Imagination shares plunged as much as 71 percent on the news. The company lost its chief operations officer, John Metcalfe, who set up Apple’s competing design center just miles from Imagination headquarters. Imagination sold some of its non-graphics design operations.

Ultimately, in 2017, executives agreed to sell the firm at a loss compared to previous valuations to Chinese equity fund Canyon Bridge (part of Yitai Capital) in a deal valued at the time at $742 million. At one time, the firm, kickstarted in 1985, was listed and valued at $2.5 billion.

Not surprisingly, neither Apple nor Imagination has talked about what enticed the pair together again, but Imagination is raising eyebrows with its designs for systems capable of efficiently handling the computations behind tracing the rays of simulated light, or ray tracing.

Getting lighting right is difficult, and especially so when designers want something to look realistic in three dimensions. Light scatters, reflects and gets absorbed according to complicate real-world physics. Get it wrong, and it is readily apparent.

So, ray tracing is critical to virtual- and augmented-reality applications, including those used for games. Retailers are another prime market. Realistic simulations and demonstrations could prompt new sales.

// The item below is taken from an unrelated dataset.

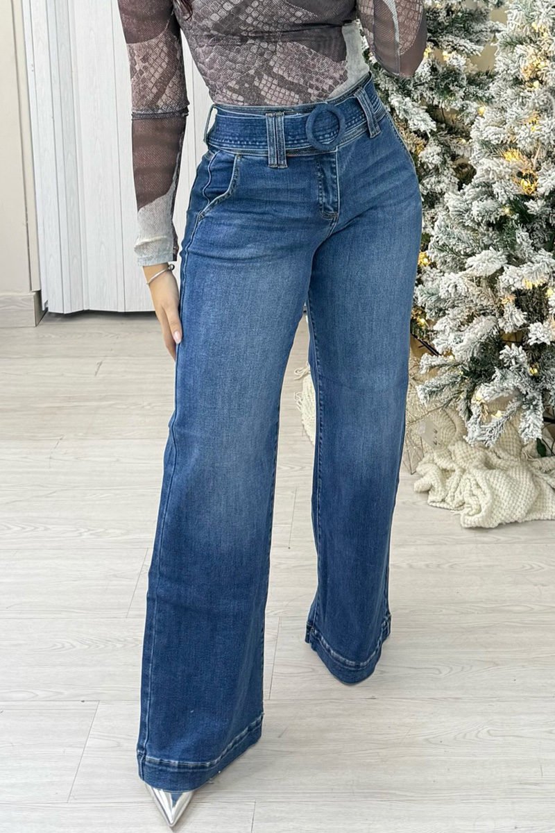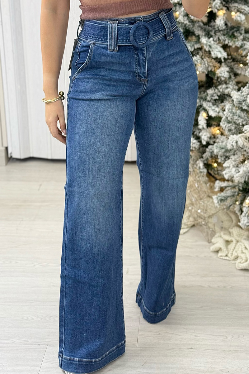 Women's Retro Style Wide Leg Belted Jeans

Imagination chief executive Ron Black, talking with The Sunday Times at the entertainment and technology product show CES this month coyly said that his firm’s ray-tracing designs have him feeling optimistic.

For its part, Apple is rumored to be investing heavily in virtual- and augmented-reality products. That market is expected to reach $19 billion this year and grow rapidly.

Apple might also be interested in some of the technology designs that Imagination touted at CES.

Being one of the many companies worldwide interested in expanding into semi-autonomous and autonomous vehicles, Apple might covet a production-quality surround-view app for cars. The software knits together the feeds from four cameras around a car, and merges them into a single perspective-correct image a PowerVR Series6 GPU, running on a Renesas R-Car H3 platform.

Another CES demonstration likely of interest to Apple involved FaceID, software that uses FaceNet, a deep learning neural network model that recognizes faces quickly. The product, known as FaceID, uses Imagination’s newest neural network accelerator designs.